Crowds are also unfairly maligned as violent and mindless. “We never speak of ‘crowd joy’, ‘crowd care’ or ‘crowd comfort’,” Hancox observes. “There is no ‘gentle mob’ in the English language. No friendly pack. No thoughtful herd.” And yet he believes a crowd can be all these things. When you consider, for example, that the aggregate attendance during the 2021-22 English football season was 30 million, with only 2,198 arrests made, football fans – who don’t exactly have a reputation for gentility – appear to be a surprisingly well-behaved group.
The idea that crowds are inherently dangerous – that they make us lose ourselves and can turn otherwise upstanding people violent – can be traced to the work of Gustave Le Bon, a French polymath whose 1895 work The Crowd: A Study of the Popular Mind may be one of the best selling science books in history. Le Bon was read by Hitler and Mussolini and his work inspired the heavily orchestrated mass rallies still popular among authoritarian regimes today. His arguments have been thoroughly debunked by modern social scientists, who have studied how, for instance, crowd violence is often a response to violent policing, rather than vice versa, and how crowds often moderate themselves. And yet, his legacy endures, both in police crowd-control tactics (although this is slowly changing, Hancox hopes) and in how commentators – politicians and journalists especially – often think and write about demonstrators.

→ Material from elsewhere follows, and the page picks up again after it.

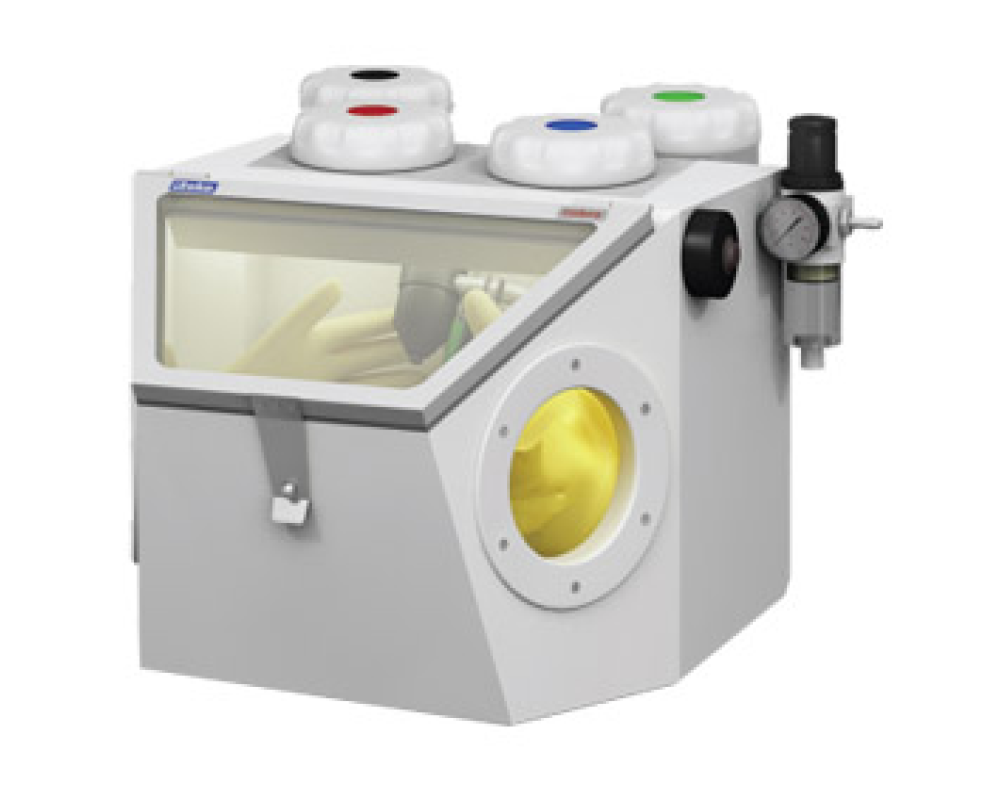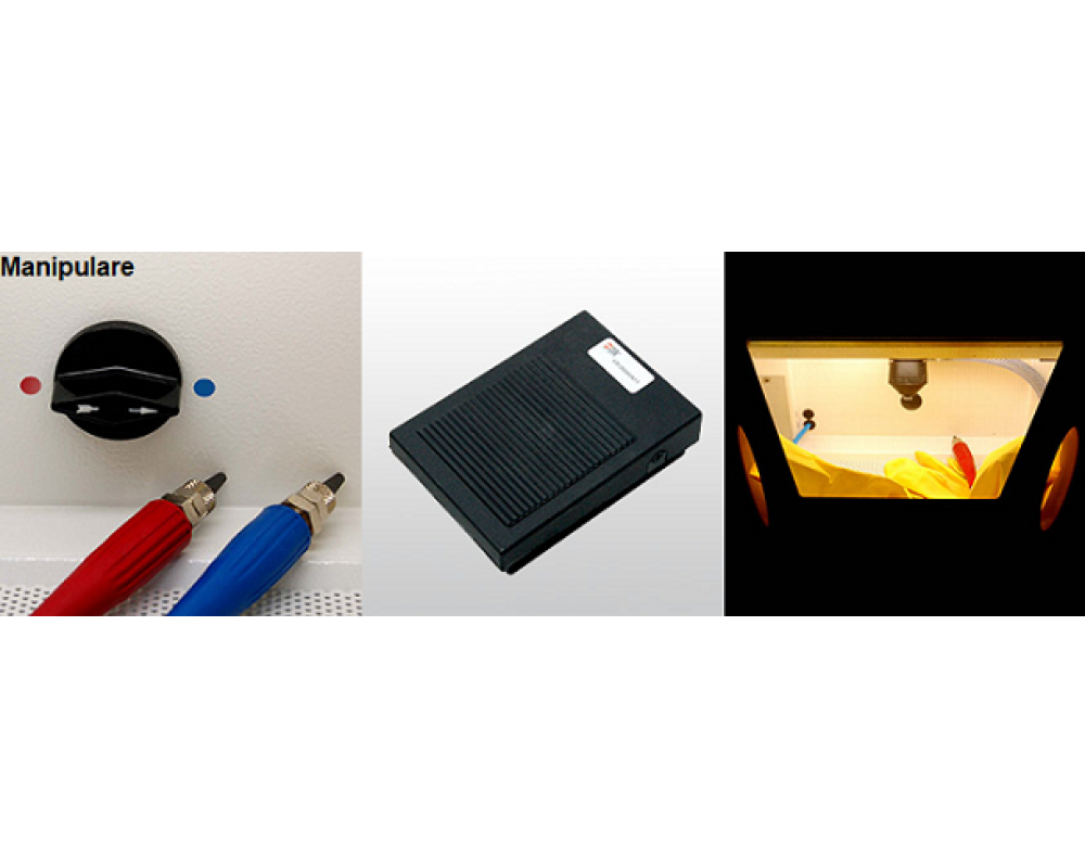 Forma ascutita a boabelor de nisip de alumina si presiunea asupra materialului curatat reprezinta un risc pentru mana utilizatorului in timpul detinerii unui detaliu sablat. Cobra este echipat cu manusi rezistente la jetul puternic de nisip care protejeaza mainile tehnicianului dentar.

During the 2011 Tottenham riots, for instance, many people tried to contain the looting. Footage emerged of the so-called Hackney Heroine, Pauline Pearce, who stood, clutching her walking stick, among broken glass and burned cars admonishing the crowd: “Black people, get real. Do it for a cause.” The newspaper headlines the following day spoke of “yob rule”; David Cameron dismissed the riots as “criminality, pure and simple”; and the Labour MP Glenda Jackson declared it “time to send in the army and water cannons”. Politicians and the media seemed largely incurious about the motivations behind the riots, or whether some of those involved had legitimate grievances. In this atmosphere, Keir Starmer, as head of public prosecutions, oversaw the shockingly punitive sentencing of the rioters: one person received a four-year sentence for incitement, for a Facebook post that no one acted on. Hancox saw Tottenham as a “challenge, albeit a nihilistic one, by the powerless to the class who hold a monopoly on power” and the kind of collective expression of anger you can expect in a country where so many channels for collective action – community centres, youth clubs, trade unions – have been shut down.
Hancox’s is a deeply humane perspective. He quotes the Welsh socialist Raymond Williams, who wrote that “there are no masses, there are only ways of seeing people as masses”. If your starting point is that most people are fundamentally rational and good, and remain so even when they gather en masse, then it becomes clearer that the priority in a democracy shouldn’t be protecting people from crowds, but rather enabling people to gather safely. That means responsive, light-handed policing that prioritises public safety over public order. In the aftermath of deadly crushes, such as the Hillsborough football disaster of 1989, in which 97 fans were killed, the victims are often blamed – for being rowdy or violent or panicking – when ultimately the authorities are responsible for poor planning. As one safety expert tells Hancox, people don’t die because they panic, they panic because they are dying.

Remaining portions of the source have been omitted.